Work to be completed: The listing below should be printed in full and exactly, apart from its images.

=== Records shown ===

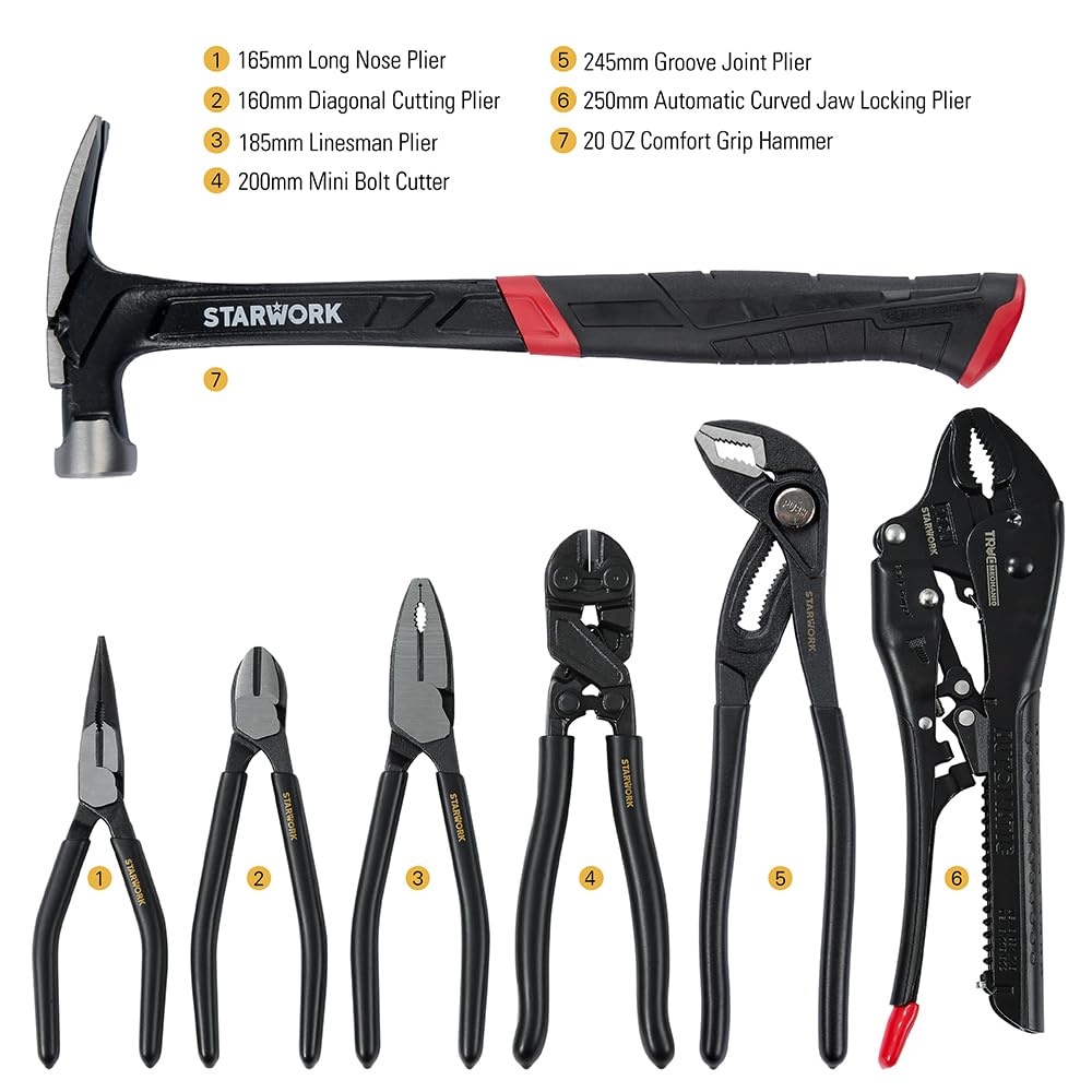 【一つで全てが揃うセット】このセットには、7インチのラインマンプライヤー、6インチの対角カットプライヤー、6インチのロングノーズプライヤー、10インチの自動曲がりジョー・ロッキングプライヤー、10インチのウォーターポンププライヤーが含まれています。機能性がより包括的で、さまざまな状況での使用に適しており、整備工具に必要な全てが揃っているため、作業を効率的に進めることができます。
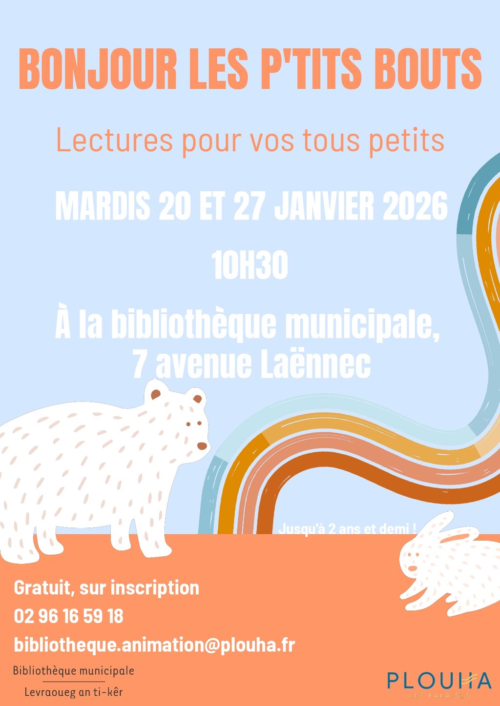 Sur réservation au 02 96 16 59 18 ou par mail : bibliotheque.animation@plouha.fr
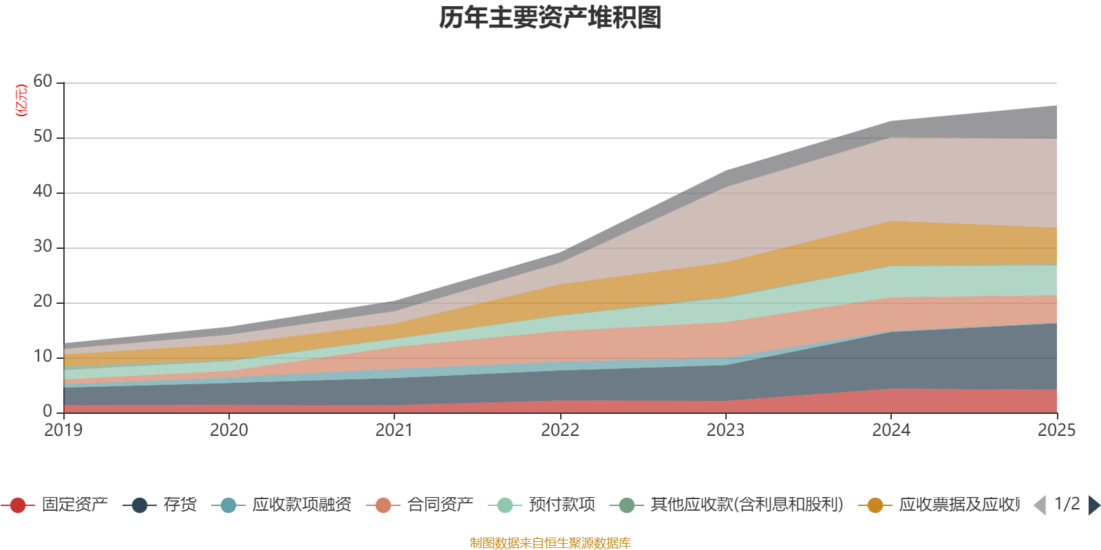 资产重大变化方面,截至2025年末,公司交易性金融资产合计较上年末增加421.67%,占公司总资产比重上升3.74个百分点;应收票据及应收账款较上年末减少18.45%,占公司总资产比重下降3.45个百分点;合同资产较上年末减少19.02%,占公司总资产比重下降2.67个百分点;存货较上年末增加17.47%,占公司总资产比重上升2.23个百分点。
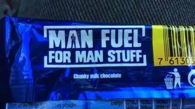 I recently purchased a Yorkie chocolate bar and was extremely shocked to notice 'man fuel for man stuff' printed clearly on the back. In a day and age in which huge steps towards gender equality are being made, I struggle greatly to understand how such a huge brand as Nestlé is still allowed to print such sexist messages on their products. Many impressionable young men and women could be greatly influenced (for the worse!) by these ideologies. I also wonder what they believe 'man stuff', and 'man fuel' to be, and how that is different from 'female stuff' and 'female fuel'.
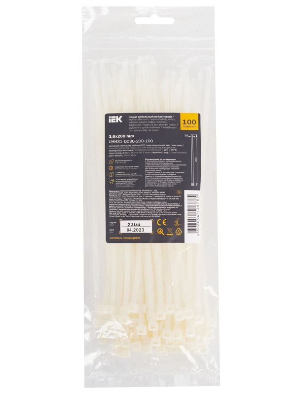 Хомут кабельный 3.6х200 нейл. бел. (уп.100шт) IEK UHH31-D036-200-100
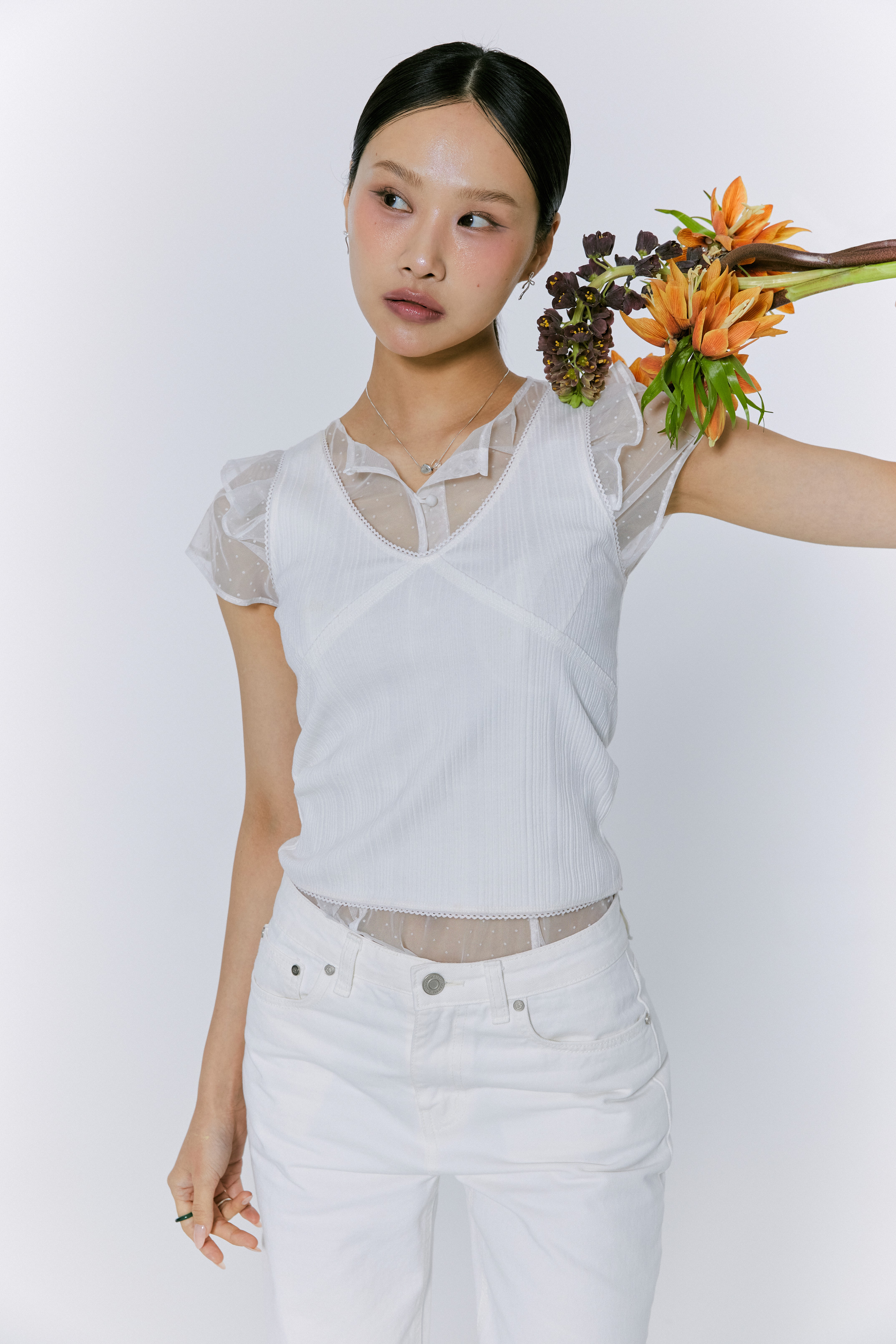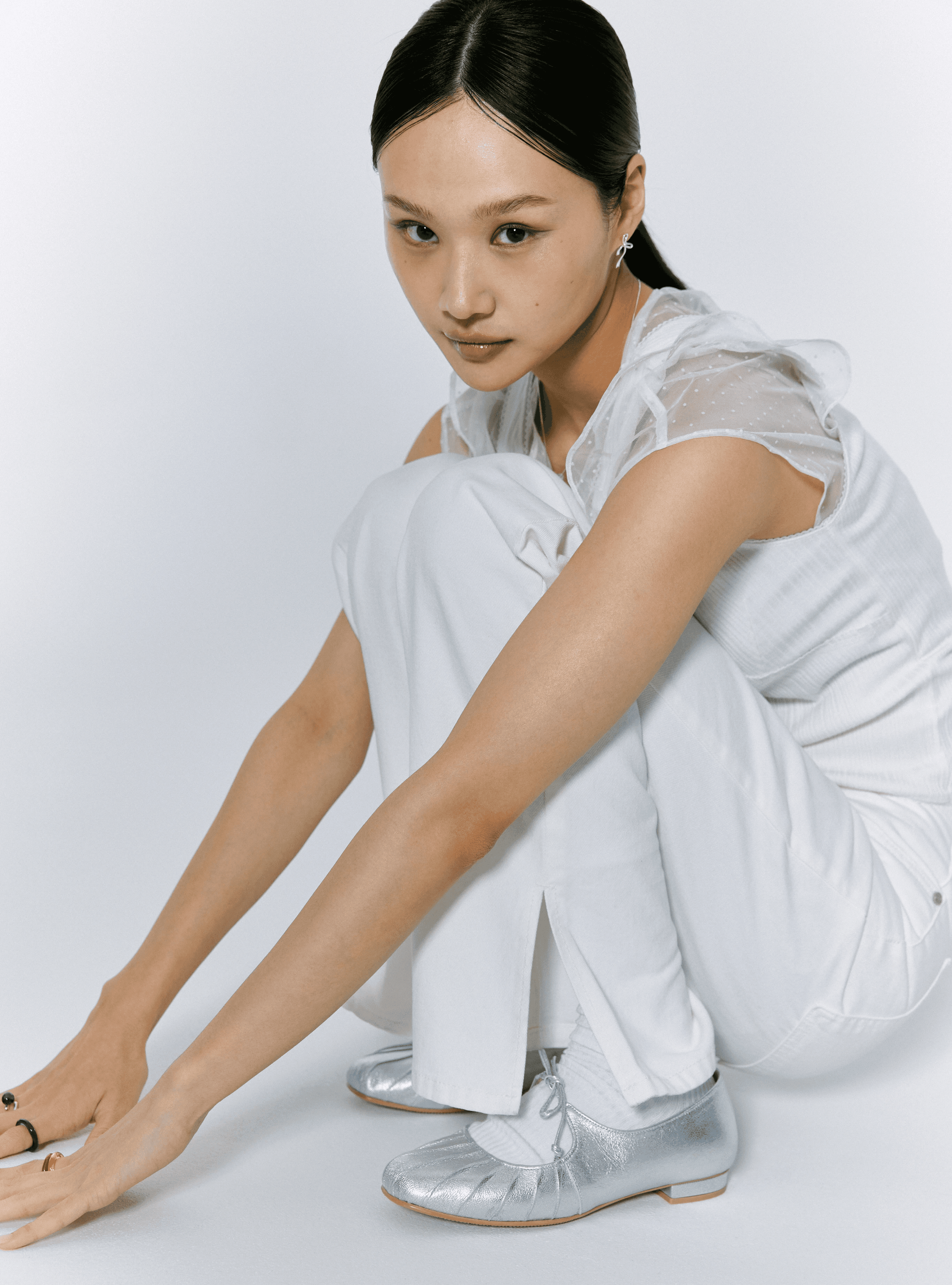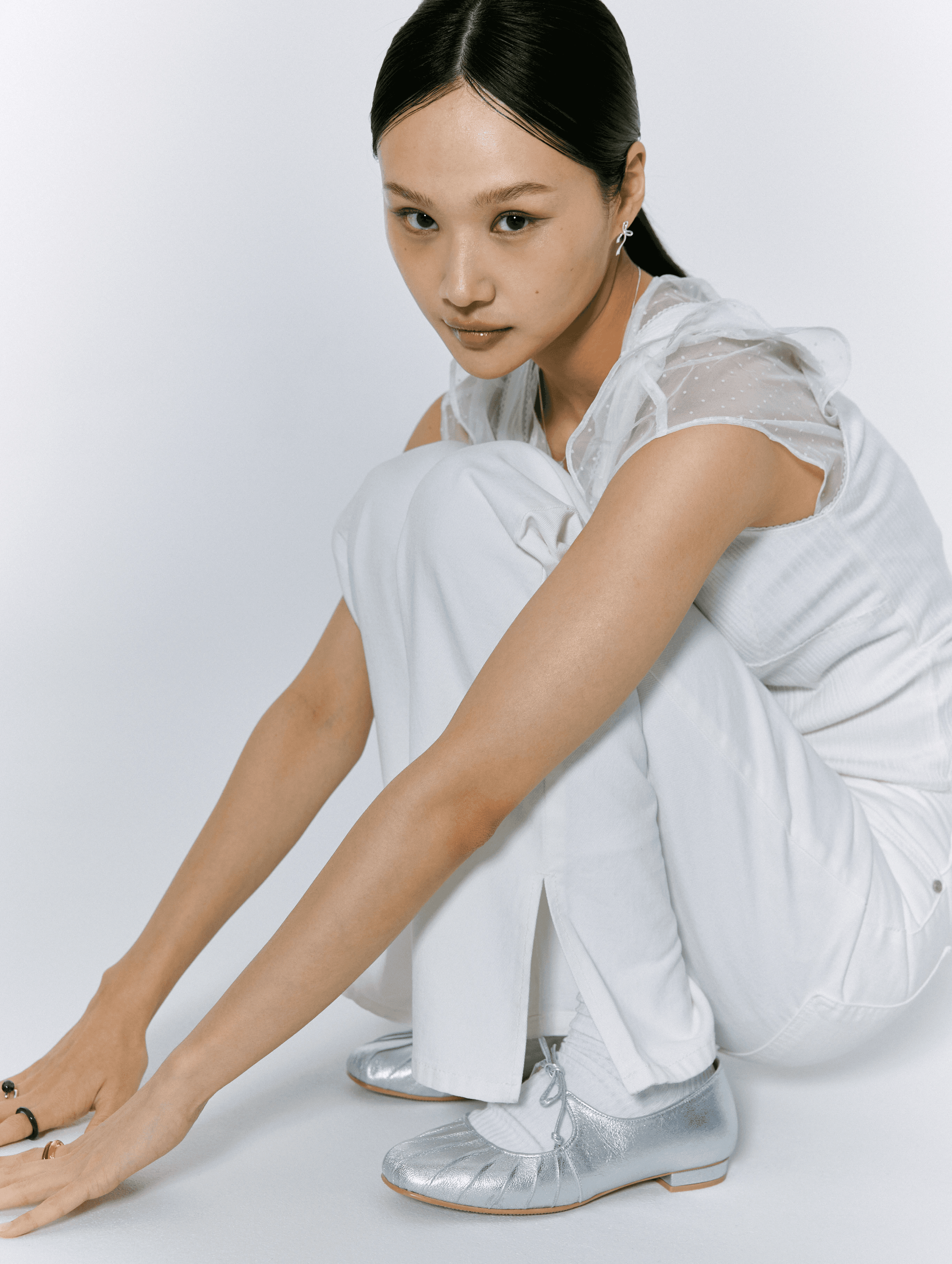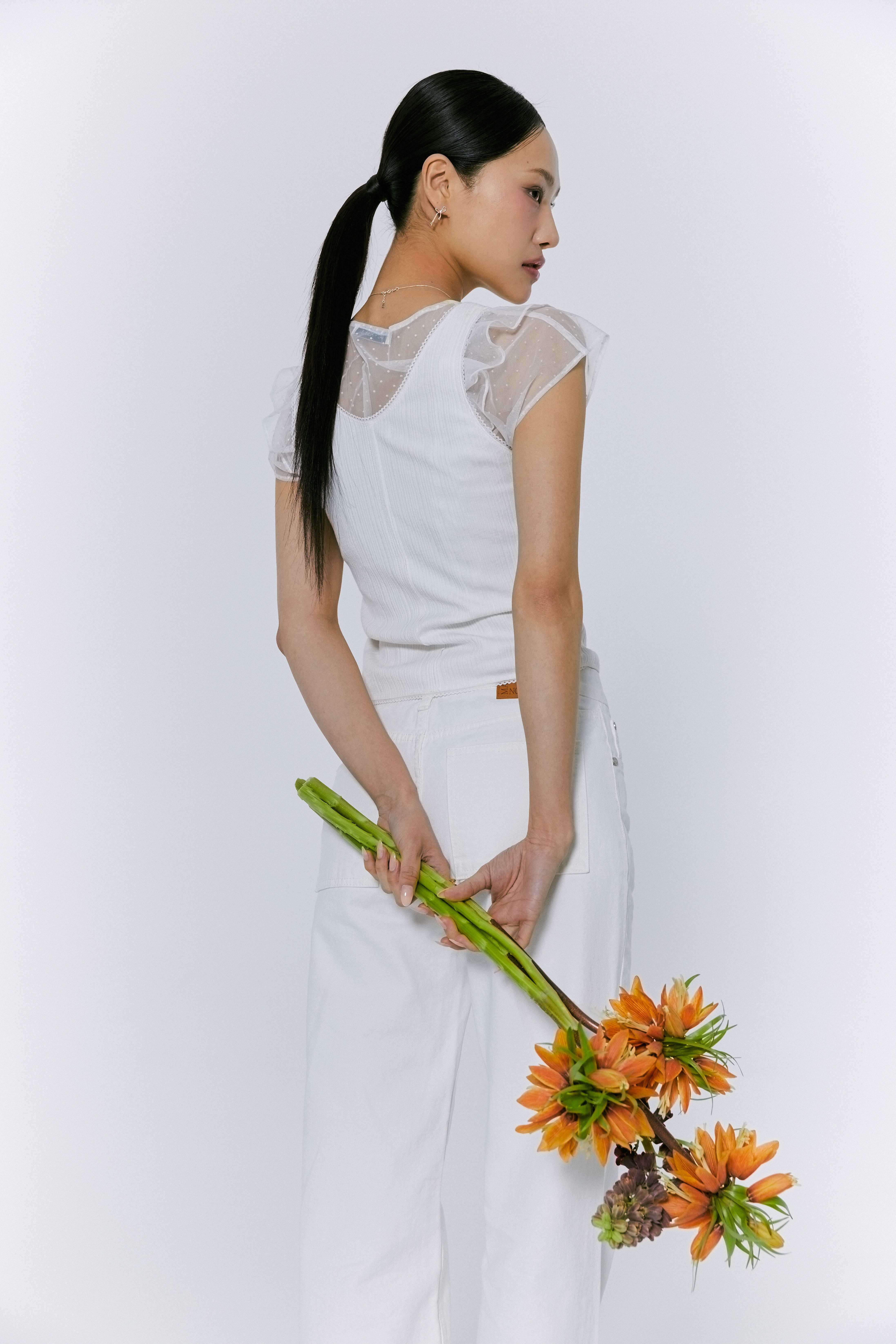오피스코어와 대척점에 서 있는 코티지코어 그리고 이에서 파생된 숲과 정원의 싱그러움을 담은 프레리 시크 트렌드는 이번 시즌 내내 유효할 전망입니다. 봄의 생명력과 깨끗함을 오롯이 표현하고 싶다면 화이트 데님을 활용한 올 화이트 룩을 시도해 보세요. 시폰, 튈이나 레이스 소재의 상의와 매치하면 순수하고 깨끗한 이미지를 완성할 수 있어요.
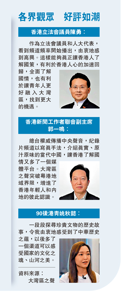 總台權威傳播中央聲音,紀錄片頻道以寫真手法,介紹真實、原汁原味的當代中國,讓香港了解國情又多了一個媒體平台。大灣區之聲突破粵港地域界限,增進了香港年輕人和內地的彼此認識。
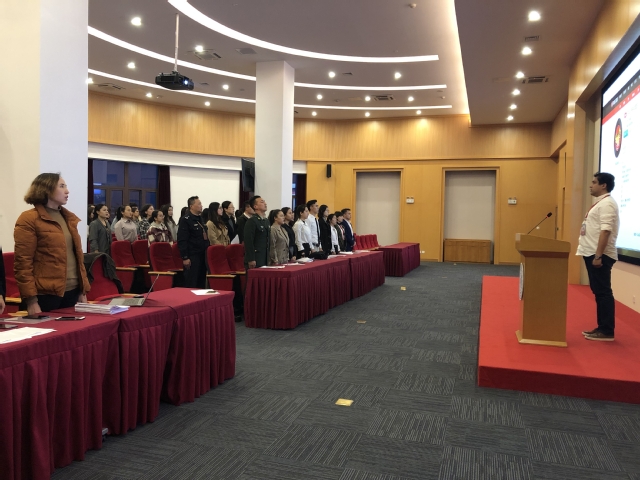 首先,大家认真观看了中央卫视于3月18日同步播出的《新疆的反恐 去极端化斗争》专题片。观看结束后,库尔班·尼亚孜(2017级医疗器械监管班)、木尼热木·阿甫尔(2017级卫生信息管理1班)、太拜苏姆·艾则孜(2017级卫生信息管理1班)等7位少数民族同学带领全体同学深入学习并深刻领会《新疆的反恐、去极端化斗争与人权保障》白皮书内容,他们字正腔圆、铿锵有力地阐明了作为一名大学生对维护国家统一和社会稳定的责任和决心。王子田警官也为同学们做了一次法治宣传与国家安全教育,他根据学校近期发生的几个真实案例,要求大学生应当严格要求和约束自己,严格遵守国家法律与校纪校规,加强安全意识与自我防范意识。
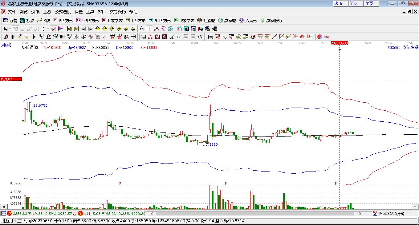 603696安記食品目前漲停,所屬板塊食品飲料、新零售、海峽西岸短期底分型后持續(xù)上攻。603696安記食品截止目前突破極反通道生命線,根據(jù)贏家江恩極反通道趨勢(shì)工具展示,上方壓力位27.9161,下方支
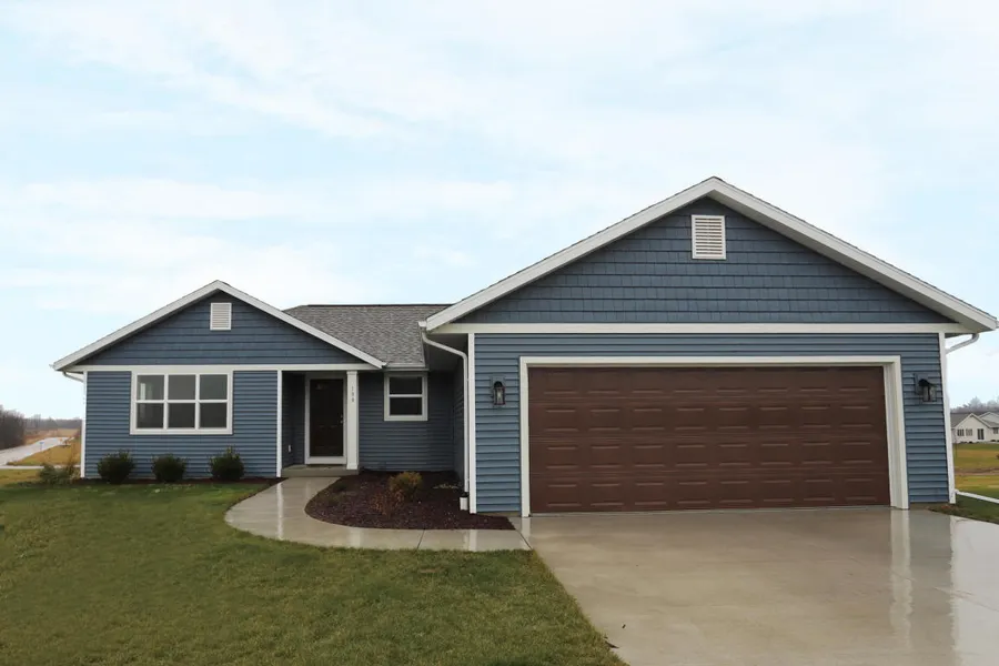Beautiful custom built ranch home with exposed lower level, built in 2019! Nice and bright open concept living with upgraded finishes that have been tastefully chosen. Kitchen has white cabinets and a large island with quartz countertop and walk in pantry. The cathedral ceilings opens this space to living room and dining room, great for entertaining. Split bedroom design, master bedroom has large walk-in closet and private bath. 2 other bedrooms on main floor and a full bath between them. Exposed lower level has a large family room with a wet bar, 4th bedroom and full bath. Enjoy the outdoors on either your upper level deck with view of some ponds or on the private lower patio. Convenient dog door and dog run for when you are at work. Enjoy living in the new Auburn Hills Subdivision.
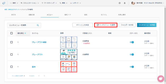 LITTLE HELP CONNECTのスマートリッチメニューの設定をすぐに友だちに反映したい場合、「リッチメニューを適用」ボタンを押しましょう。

===

Task answer:
 【一つで全てが揃うセット】このセットには、7インチのラインマンプライヤー、6インチの対角カットプライヤー、6インチのロングノーズプライヤー、10インチの自動曲がりジョー・ロッキングプライヤー、10インチのウォーターポンププライヤーが含まれています。機能性がより包括的で、さまざまな状況での使用に適しており、整備工具に必要な全てが揃っているため、作業を効率的に進めることができます。
 Sur réservation au 02 96 16 59 18 ou par mail : bibliotheque.animation@plouha.fr
 资产重大变化方面,截至2025年末,公司交易性金融资产合计较上年末增加421.67%,占公司总资产比重上升3.74个百分点;应收票据及应收账款较上年末减少18.45%,占公司总资产比重下降3.45个百分点;合同资产较上年末减少19.02%,占公司总资产比重下降2.67个百分点;存货较上年末增加17.47%,占公司总资产比重上升2.23个百分点。
 I recently purchased a Yorkie chocolate bar and was extremely shocked to notice 'man fuel for man stuff' printed clearly on the back. In a day and age in which huge steps towards gender equality are being made, I struggle greatly to understand how such a huge brand as Nestlé is still allowed to print such sexist messages on their products. Many impressionable young men and women could be greatly influenced (for the worse!) by these ideologies. I also wonder what they believe 'man stuff', and 'man fuel' to be, and how that is different from 'female stuff' and 'female fuel'.
 Хомут кабельный 3.6х200 нейл. бел. (уп.100шт) IEK UHH31-D036-200-100
오피스코어와 대척점에 서 있는 코티지코어 그리고 이에서 파생된 숲과 정원의 싱그러움을 담은 프레리 시크 트렌드는 이번 시즌 내내 유효할 전망입니다. 봄의 생명력과 깨끗함을 오롯이 표현하고 싶다면 화이트 데님을 활용한 올 화이트 룩을 시도해 보세요. 시폰, 튈이나 레이스 소재의 상의와 매치하면 순수하고 깨끗한 이미지를 완성할 수 있어요.
 總台權威傳播中央聲音,紀錄片頻道以寫真手法,介紹真實、原汁原味的當代中國,讓香港了解國情又多了一個媒體平台。大灣區之聲突破粵港地域界限,增進了香港年輕人和內地的彼此認識。
 首先,大家认真观看了中央卫视于3月18日同步播出的《新疆的反恐 去极端化斗争》专题片。观看结束后,库尔班·尼亚孜(2017级医疗器械监管班)、木尼热木·阿甫尔(2017级卫生信息管理1班)、太拜苏姆·艾则孜(2017级卫生信息管理1班)等7位少数民族同学带领全体同学深入学习并深刻领会《新疆的反恐、去极端化斗争与人权保障》白皮书内容,他们字正腔圆、铿锵有力地阐明了作为一名大学生对维护国家统一和社会稳定的责任和决心。王子田警官也为同学们做了一次法治宣传与国家安全教育,他根据学校近期发生的几个真实案例,要求大学生应当严格要求和约束自己,严格遵守国家法律与校纪校规,加强安全意识与自我防范意识。
 603696安記食品目前漲停,所屬板塊食品飲料、新零售、海峽西岸短期底分型后持續(xù)上攻。603696安記食品截止目前突破極反通道生命線,根據(jù)贏家江恩極反通道趨勢(shì)工具展示,上方壓力位27.9161,下方支
Beautiful custom built ranch home with exposed lower level, built in 2019! Nice and bright open concept living with upgraded finishes that have been tastefully chosen. Kitchen has white cabinets and a large island with quartz countertop and walk in pantry. The cathedral ceilings opens this space to living room and dining room, great for entertaining. Split bedroom design, master bedroom has large walk-in closet and private bath. 2 other bedrooms on main floor and a full bath between them. Exposed lower level has a large family room with a wet bar, 4th bedroom and full bath. Enjoy the outdoors on either your upper level deck with view of some ponds or on the private lower patio. Convenient dog door and dog run for when you are at work. Enjoy living in the new Auburn Hills Subdivision.
 LITTLE HELP CONNECTのスマートリッチメニューの設定をすぐに友だちに反映したい場合、「リッチメニューを適用」ボタンを押しましょう。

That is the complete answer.